I find it interesting that I am thinking of him so much these days. I moved into a new house over the summer. As part of the moving process, I pulled all of my old abstract paintings from storage and relocated them to my new address. Perhaps this is the root of this emerging memory of a professor I hadn't given much thought to recently. But perhaps it has more to do with what I have been reading of late. I see a connection between Dunlap's theory of art, called Art Exhibitionism by Petrick, and the book Praise Habit by David Crowder.

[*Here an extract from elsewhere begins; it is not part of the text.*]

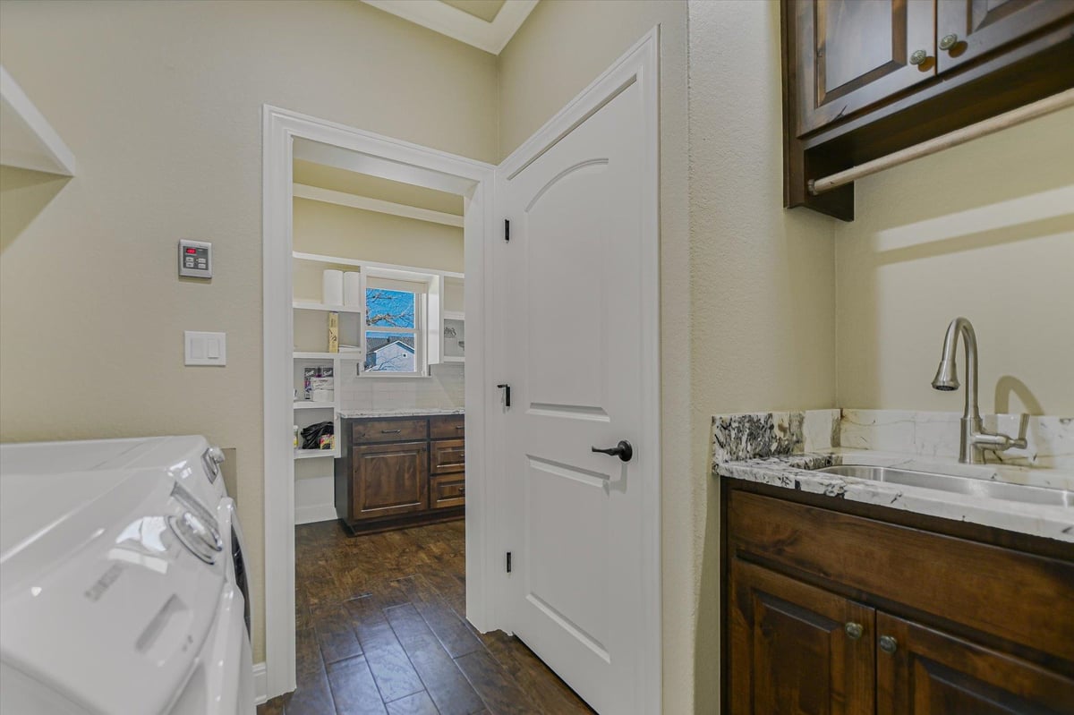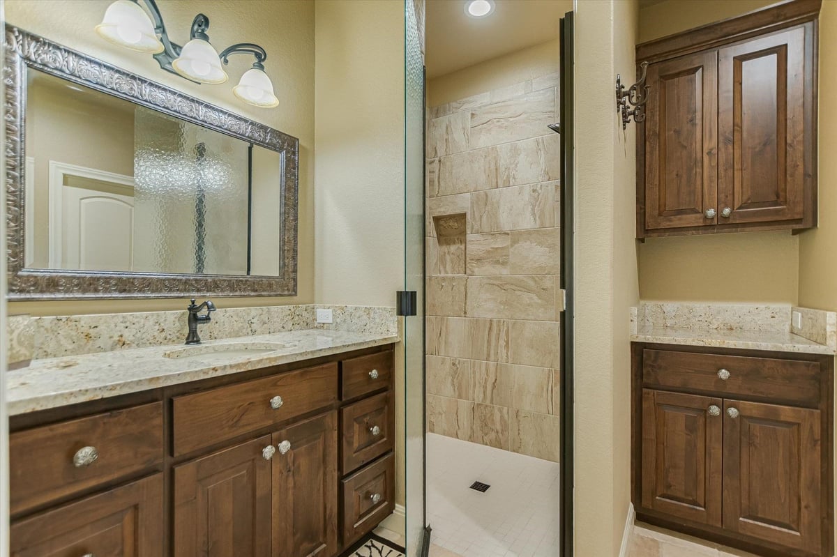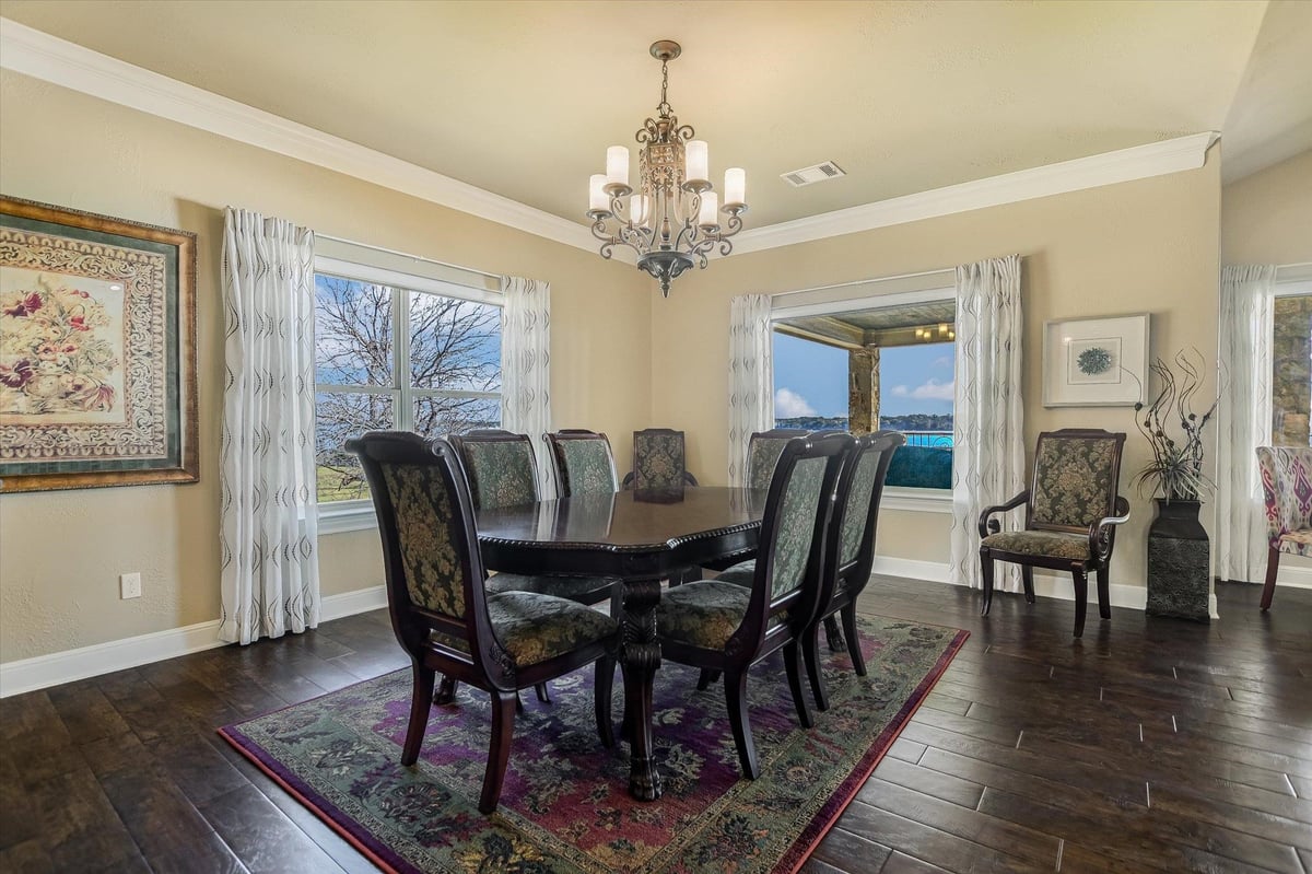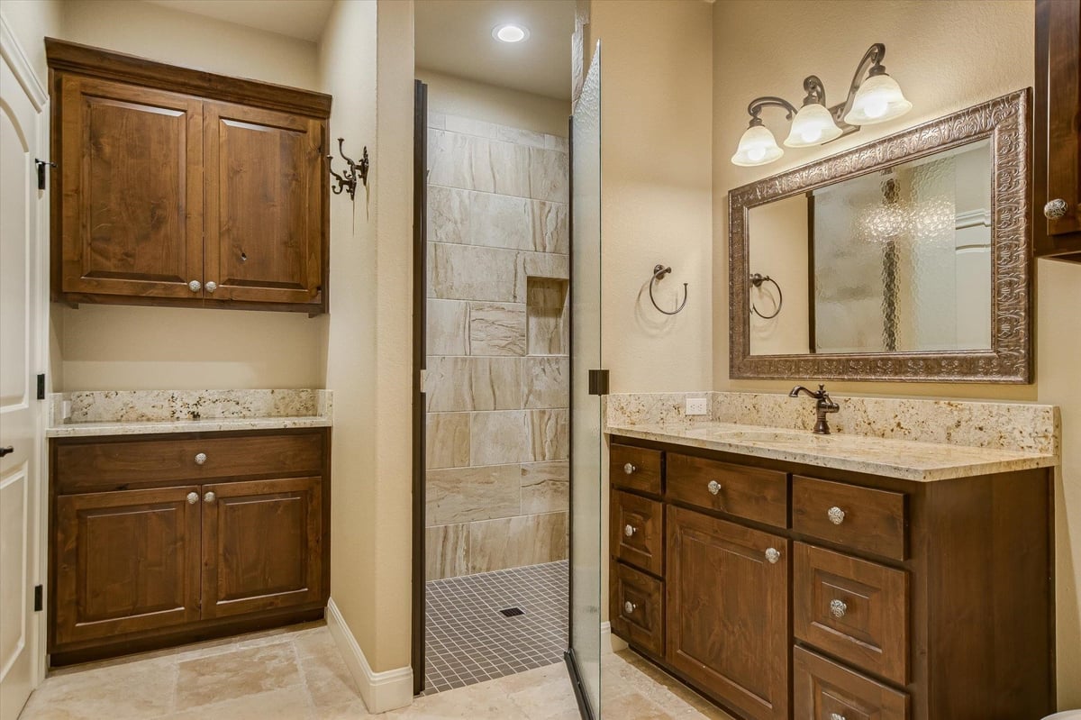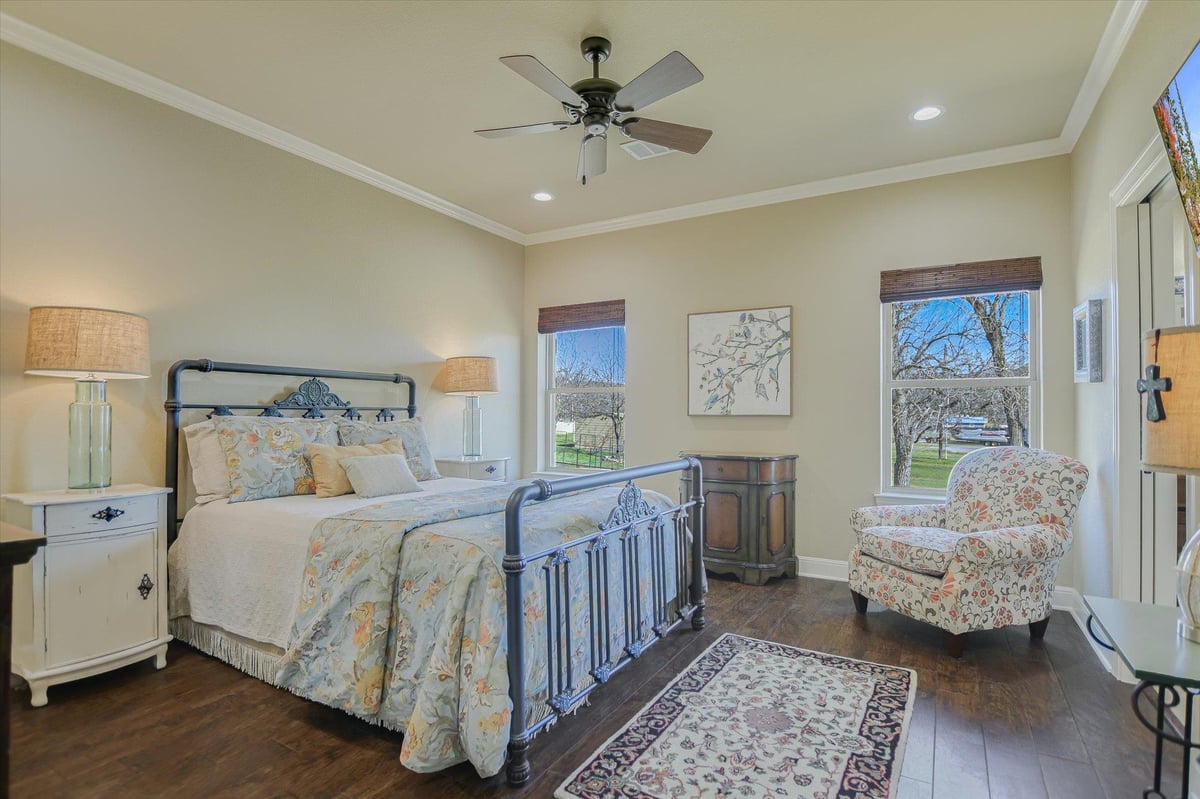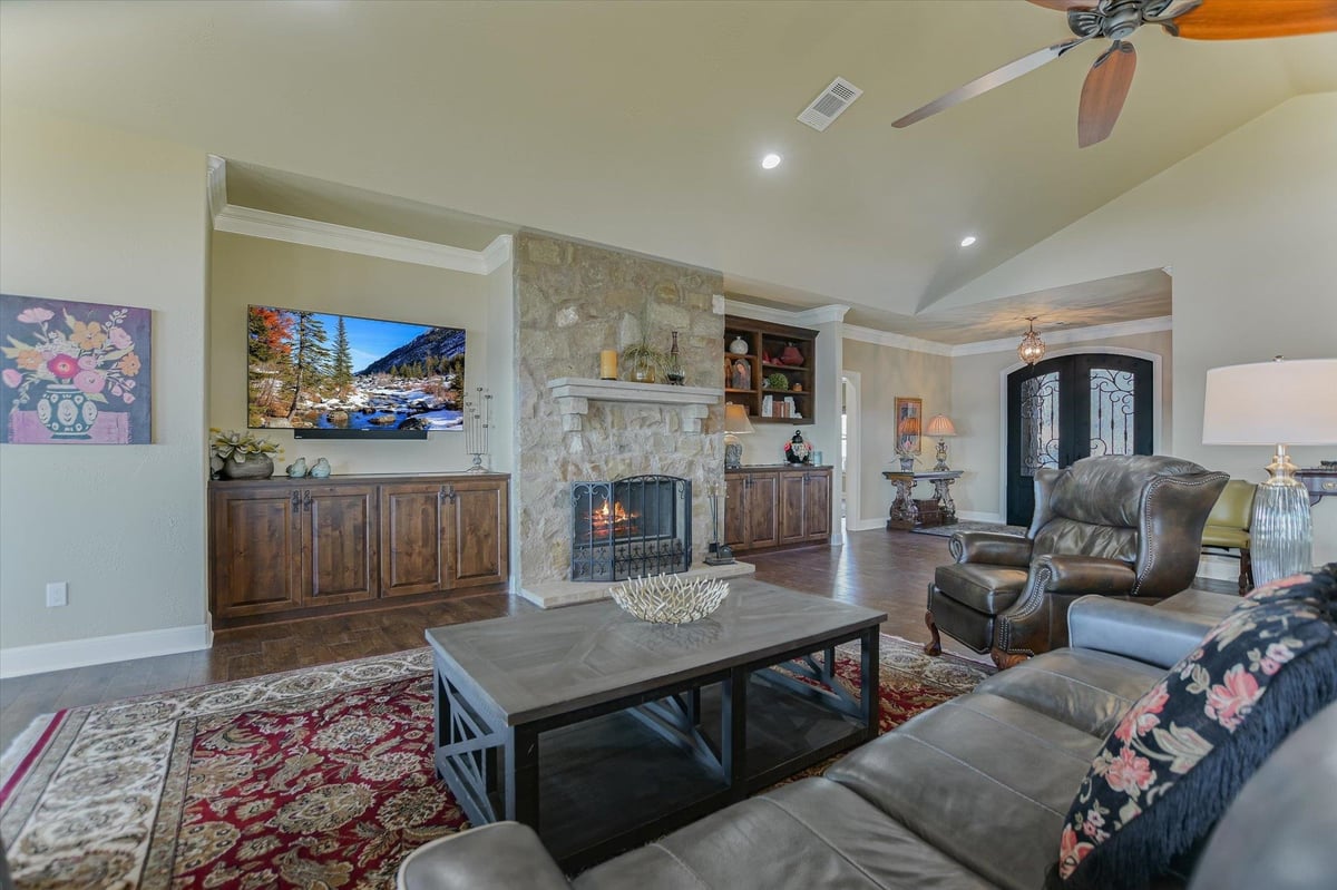 Positioned on two Lake LBJ waterfront lots, 360 Campa Pajama offers 140' of shoreline and sweeping southwest-facing views across the main body of the lake. Built in 2018 with 3-bedrooms, 3.5-baths, plus a dedicated study, the 3,295 sq. ft. home blends comfortable lake living with exceptional indoor & outdoor entertaining spaces. The open-concept living area features soaring ceilings and a wood-burning fireplace, with expansive windows that frame the lake views and fill the space with natural light. The kitchen is anchored by a large center island and offers a convenient butler's pantry for prep and storage space, and a Bosch appliance package including a gas cooktop. Each bedroom features its own ensuite bath, while the study offers a built-in Murphy bed, providing flexible guest accommodations. The spacious primary suite offers a spa-like bath with double vanity, soaking tub, walk-in shower, and generous closet space. The home's appeal extends to its outdoor living areas. A covered patio off the main living area provides front-row seats to Hill Country sunsets, while the lower level offers extensive covered outdoor living and storage space including an outdoor kitchen, wood-burning fireplace, powder bath, outdoor shower, and flex room with mini split. A lush, flat lawn extends from the home to the water's edge, creating an easy connection to the covered two-stall boat dock and a unique diving board. A gated entry and detached storage building provide secure space for boats, lake toys, and equipment.

Be glad, good people! Fly to GOD! Good-hearted people, make praise your habit.
--Psalm 64:10 MSG remix
The crux of Crowder's book is that praise is something we are, not something we do. If you are stuck in the old paradigm that praise consists only of singing a couple mediocre songs on Sunday morning, you are missing the point. David Crowder, the leader of his own postmodern/experiemental/emergent worship band/experience opens the reader up to a new way of thinking about praise. It is a new perspective, a lifestyle, not an event. Crowder, using techniques of Sacred Reading (lectio divina) reflects on psalms, writing new parables, poems and short tales about how they effect him. He explains how to develop a habit of praise in your everyday life. A praise habit is not just possible; it’s essential. Its the very reason we were created. We must strive to live in constant awe of God and watch what He does next.
I feel this connection between my artistic nature and my growing pursuit of a praise habit. I see the process of art making more and more intergrated with the idea of worship.
Art Exhibitionism: David Dunlap is a cultivator of relationships, a planter of conceptual seeds, a harvester of images, and a packager of the fruits of his obsessive creative labors in exhibitions that seem to accrete into place like a tantalizingly wonder-filled coral reef.
Doesn't that description sound like what we want here in our little emerging church movement? Don't we want to be cultivating relationships? I want to plant conceptual seeds, and oh, the harvest! Oh the fruits of our creative labor. And ever I aspire for my worship to grow into a tantalizingly wonder-filled coral reef.